Lentement le loquet de la porte céda et la poignet fut tourné; la chambre du gouverneur grande, un peu vide, avec une bougie en fin de vie éclairant faiblement la chambre et un homme devant écrivant.

Le mousse se glissa près du lit où une autre femme dormait.

- C'est génial! Ca fait ça à chaque lit! Tandis que Azraël sortit son pistolet à silex, et le pointa en direction du gouverneur, lentement il referma la porte. Le bruit faible mais sec du verrou fit dresser la tête du maitre du foyer. Un petit "pss" derrière son dos le fit se retourner. Il fut prit d'un sursaut, incapable de parler sa plume lui glissa des doigts.

- au moindre cris d'alarme tu verras ta femme mourir toi je t'éclaterai la tête! Le mousse montra un poignard qu'il glissa sur le cou de la femme où contact froid elle se réveilla et vit la bête bien innocente du jeune homme.  Inutile d'aller au balcon un de nos hommes t'attends et te tueras.  Ce petit détail Azraël ignorait qu'il était encore incorrect, après la fille des gardes s'arrêtant sous le balcon bloqués sans le savoir La Torche qui commençait à en avoir marre...

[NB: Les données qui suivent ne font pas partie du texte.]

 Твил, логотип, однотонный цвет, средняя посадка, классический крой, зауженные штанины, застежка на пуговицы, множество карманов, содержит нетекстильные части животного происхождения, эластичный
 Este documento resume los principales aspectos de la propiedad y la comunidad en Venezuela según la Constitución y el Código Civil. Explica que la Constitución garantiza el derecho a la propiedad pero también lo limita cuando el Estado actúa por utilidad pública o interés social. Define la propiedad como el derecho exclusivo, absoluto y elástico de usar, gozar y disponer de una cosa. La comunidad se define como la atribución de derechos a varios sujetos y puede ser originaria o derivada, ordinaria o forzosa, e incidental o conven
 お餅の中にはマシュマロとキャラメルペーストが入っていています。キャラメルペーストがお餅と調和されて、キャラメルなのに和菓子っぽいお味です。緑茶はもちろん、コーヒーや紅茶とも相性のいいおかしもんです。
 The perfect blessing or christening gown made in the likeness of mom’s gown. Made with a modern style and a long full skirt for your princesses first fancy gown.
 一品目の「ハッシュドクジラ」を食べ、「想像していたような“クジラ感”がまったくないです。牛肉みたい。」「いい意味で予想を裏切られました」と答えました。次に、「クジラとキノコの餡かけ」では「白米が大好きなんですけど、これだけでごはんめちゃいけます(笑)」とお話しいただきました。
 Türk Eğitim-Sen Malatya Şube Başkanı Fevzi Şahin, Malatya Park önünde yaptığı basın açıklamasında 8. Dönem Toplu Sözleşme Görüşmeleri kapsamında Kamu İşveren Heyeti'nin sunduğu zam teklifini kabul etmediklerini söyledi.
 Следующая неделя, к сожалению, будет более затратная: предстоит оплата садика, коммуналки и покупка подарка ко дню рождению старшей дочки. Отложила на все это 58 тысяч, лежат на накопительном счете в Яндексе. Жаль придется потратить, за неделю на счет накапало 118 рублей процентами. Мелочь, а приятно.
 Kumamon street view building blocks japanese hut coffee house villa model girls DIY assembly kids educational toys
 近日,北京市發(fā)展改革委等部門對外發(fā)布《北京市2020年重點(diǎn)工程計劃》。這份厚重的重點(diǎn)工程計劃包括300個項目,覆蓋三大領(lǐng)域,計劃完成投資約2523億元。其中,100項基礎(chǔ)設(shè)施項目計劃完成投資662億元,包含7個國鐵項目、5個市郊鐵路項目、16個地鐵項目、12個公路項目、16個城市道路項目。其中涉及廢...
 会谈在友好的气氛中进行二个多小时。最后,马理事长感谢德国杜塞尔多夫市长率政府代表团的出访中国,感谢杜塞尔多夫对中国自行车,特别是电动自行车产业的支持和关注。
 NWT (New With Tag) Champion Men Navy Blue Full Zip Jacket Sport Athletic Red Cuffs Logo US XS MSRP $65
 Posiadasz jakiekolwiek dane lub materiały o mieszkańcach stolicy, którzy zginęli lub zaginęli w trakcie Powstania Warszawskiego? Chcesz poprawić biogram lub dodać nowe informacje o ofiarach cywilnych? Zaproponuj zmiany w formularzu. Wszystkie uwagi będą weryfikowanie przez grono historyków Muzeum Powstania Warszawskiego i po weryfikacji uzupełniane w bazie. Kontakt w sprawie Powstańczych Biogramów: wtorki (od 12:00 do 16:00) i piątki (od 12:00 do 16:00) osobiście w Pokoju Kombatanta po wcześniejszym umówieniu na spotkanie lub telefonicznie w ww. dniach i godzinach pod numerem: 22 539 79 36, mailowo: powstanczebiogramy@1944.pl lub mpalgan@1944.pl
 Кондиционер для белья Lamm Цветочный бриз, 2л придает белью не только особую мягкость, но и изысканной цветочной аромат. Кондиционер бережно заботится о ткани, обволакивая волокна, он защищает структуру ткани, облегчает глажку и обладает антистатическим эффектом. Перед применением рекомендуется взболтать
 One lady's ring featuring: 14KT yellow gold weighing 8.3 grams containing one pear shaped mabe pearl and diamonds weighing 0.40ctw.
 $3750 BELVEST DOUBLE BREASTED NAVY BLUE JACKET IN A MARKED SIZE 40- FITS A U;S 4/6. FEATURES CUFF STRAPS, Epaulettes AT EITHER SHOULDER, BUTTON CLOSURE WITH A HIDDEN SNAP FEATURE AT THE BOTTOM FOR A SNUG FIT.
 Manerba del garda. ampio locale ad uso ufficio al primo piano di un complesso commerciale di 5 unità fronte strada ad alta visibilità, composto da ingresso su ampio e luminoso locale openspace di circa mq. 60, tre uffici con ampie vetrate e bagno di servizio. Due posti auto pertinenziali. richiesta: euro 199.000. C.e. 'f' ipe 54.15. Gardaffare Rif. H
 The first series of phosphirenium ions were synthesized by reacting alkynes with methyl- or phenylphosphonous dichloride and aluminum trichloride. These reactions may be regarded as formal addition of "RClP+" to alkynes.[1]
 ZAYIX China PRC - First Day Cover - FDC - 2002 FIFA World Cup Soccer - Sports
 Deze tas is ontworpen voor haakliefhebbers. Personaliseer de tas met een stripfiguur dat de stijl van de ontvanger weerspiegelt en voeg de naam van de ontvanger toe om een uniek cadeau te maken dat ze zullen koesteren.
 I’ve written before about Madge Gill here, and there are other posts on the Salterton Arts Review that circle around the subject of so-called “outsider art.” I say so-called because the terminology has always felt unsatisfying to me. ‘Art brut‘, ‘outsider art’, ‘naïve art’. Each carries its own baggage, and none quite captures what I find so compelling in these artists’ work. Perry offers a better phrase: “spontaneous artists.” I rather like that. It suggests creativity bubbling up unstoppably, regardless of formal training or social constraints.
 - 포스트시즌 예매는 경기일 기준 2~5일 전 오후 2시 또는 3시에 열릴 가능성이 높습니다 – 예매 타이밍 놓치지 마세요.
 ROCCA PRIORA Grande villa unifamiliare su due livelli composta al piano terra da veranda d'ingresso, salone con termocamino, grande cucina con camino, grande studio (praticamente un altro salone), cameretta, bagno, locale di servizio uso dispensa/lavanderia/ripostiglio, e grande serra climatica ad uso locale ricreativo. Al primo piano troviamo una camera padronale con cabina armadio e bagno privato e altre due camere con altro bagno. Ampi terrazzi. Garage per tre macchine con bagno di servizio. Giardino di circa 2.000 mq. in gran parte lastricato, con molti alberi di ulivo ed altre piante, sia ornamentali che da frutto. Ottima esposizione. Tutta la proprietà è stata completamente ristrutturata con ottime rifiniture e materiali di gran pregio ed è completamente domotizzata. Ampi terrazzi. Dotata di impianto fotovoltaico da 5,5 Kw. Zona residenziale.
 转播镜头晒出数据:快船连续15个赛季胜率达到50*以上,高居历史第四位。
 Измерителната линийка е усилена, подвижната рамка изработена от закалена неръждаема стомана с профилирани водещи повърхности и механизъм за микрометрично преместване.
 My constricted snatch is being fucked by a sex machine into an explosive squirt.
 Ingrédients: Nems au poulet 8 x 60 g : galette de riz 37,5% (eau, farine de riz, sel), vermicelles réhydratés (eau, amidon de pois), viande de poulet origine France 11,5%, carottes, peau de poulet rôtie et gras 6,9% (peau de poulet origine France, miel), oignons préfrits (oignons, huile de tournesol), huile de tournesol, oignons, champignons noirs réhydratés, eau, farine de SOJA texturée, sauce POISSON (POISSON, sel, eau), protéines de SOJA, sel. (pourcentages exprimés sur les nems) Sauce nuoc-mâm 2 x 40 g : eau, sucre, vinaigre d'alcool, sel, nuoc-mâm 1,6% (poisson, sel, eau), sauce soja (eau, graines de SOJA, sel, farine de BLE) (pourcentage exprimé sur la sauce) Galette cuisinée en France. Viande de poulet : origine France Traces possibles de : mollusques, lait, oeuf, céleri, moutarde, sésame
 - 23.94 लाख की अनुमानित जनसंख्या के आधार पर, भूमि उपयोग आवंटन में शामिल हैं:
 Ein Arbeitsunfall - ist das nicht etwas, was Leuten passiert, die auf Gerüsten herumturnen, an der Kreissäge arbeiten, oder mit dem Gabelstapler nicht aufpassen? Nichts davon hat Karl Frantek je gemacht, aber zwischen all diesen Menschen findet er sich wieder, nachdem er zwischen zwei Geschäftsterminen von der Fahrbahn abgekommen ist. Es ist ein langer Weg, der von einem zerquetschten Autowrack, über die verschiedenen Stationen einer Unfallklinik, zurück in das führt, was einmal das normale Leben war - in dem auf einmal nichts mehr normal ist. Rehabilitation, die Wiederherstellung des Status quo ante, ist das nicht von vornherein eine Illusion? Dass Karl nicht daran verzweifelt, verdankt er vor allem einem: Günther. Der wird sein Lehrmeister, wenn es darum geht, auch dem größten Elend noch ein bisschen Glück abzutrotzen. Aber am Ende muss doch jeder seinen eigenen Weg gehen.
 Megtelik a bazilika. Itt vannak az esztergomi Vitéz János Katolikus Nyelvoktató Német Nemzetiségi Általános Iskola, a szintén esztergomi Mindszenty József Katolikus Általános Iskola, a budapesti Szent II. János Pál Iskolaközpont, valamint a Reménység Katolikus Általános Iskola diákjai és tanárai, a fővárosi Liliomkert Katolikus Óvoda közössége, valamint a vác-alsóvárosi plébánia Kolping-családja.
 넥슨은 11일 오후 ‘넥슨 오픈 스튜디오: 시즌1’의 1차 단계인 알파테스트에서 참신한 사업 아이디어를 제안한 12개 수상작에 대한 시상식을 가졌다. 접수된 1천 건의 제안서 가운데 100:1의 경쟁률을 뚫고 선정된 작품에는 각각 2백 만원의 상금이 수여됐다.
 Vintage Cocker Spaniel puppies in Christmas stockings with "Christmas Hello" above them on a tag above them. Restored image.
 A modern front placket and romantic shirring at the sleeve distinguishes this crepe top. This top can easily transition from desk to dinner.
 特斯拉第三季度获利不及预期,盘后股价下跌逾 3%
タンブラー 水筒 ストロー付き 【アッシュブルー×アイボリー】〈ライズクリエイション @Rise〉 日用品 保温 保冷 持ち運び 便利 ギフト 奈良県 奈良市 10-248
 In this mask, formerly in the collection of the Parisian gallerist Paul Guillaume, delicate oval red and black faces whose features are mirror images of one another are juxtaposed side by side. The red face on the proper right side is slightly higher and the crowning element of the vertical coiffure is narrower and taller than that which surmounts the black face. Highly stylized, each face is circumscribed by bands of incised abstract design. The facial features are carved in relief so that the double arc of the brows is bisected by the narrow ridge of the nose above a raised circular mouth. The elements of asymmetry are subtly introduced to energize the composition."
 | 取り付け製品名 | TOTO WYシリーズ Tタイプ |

- Qu'est ce que vous voulez? Qui êtes vous?
- Vous devenez raisonnable répondit vincent avec un petit sourire, s'approchant de lui il s'assit sur un fauteuil confortable. Qui nous sommes ca n'a pour l'instant pas d'importance. Mais je vais vous dire ce que l'on veut. De l'aide!
- De l'aide? fit le gouverneur clignant des yeux
- De l'aide? répéta sa femme ne comprenant rien.
- De l'aide. Dit le mousse avec un petit sourire.
- Ca va les echos! la ferme! ordonna Vincent.
- Oui votre aide pour mettre fin à un problème commun!
- Et de quel ordre?
- Les pirates des bermudes Ce terme fit frissonner le gouverneur Un de mes hommes et amis a réussi à infiltrer leur équipage il va sans doute connaitre leur repaire. Mais seuls on va pas réussir à y mettre fin. Quand nous en serons plus nous voulons que vous y mettez fin!
- des hommes de ma garnison si je comprend bien, c'est ce que vous voulez.
- Oui mais sous mes ordres durant les opérations et si possible un corsaire avec un sloop ou un schooner pour leur bloquer la route.
- Quoi sous vos ordres? je ne sais même pas qui vous êtes! Je ne vais pas réduire les défenses de la ville pour y inconnu.
- et vous n'allez pas laisser des pirates agir sur votre île. Le Roi m'envoie, il est très mécontent de la situation!
- LE Roi? Le gouverneur quoi que très impressionné par cette déclaration parla sur un ton soupçonneux .
- Oui le Roi.. heu le roi voila celui sur le tableau là! Répondit Vincent en choisissant un tableau au pif.
- J'ai été promis roi on dirait...
- Morbleu c'est vous sur le portrait hé bah vous avez gonflé! Déclara Le mousse, la femme qu'il tenait sous sa lame fit un petit signe de tête pour montrer son accord avec l'affirmation peu gracieuse venant d'un rustre mais pourtant vrai.
- Bon d'accord nous sommes des mercenaires francais.
- A votre accent je le savais...
- Qu'importe nous allons mettre fin aux pirates des bermudes en échange de plus que leur récompense.
- Voila on y arrive.
- Des grâces.
- Des amnisties? pour quel crimes? qui êtes vous?
- Pour tout nos crimes passés et ceux que l'on devra faire pour tuer les pirates des bermudes! Je me présente Vincent de Haddock, Azraël. Il donna le nom de tout ses compagnons.
- Et maintenant que je sais qui vous êtes pourquoi je le ferrais. Parce que vous ne connaissez pas mon visage en effet Azraël était assis dans le noir. et que c'est moi qui tient le pistolet. Si vous ne voulez pas finir votre carrière aussi bêtement. C'est un service qui vaut bien celui que je vais vous rendre. Une bande de mercenaire libre contre des capitaines pirates armés et nombreux...


Titre: Re : le début d'une sombre affaire.
Posté par: scar le 01 Mars 2011 à 22:01:47
Les pirates venaient enfin de quitter la propriété du gouverneur, la menace que l'un des leurs était dans la chambre de leur fille prêt à l'égorger si le moindre coup de feu ou cri retentissaient dans le jardin. La torche et Thibaut rirent en imaginant la tête que ferait le gouverneur quand il trouvera sa fille dormant paisiblement.

Ils n'avaient plus qu'à attendre un signe de De Brest.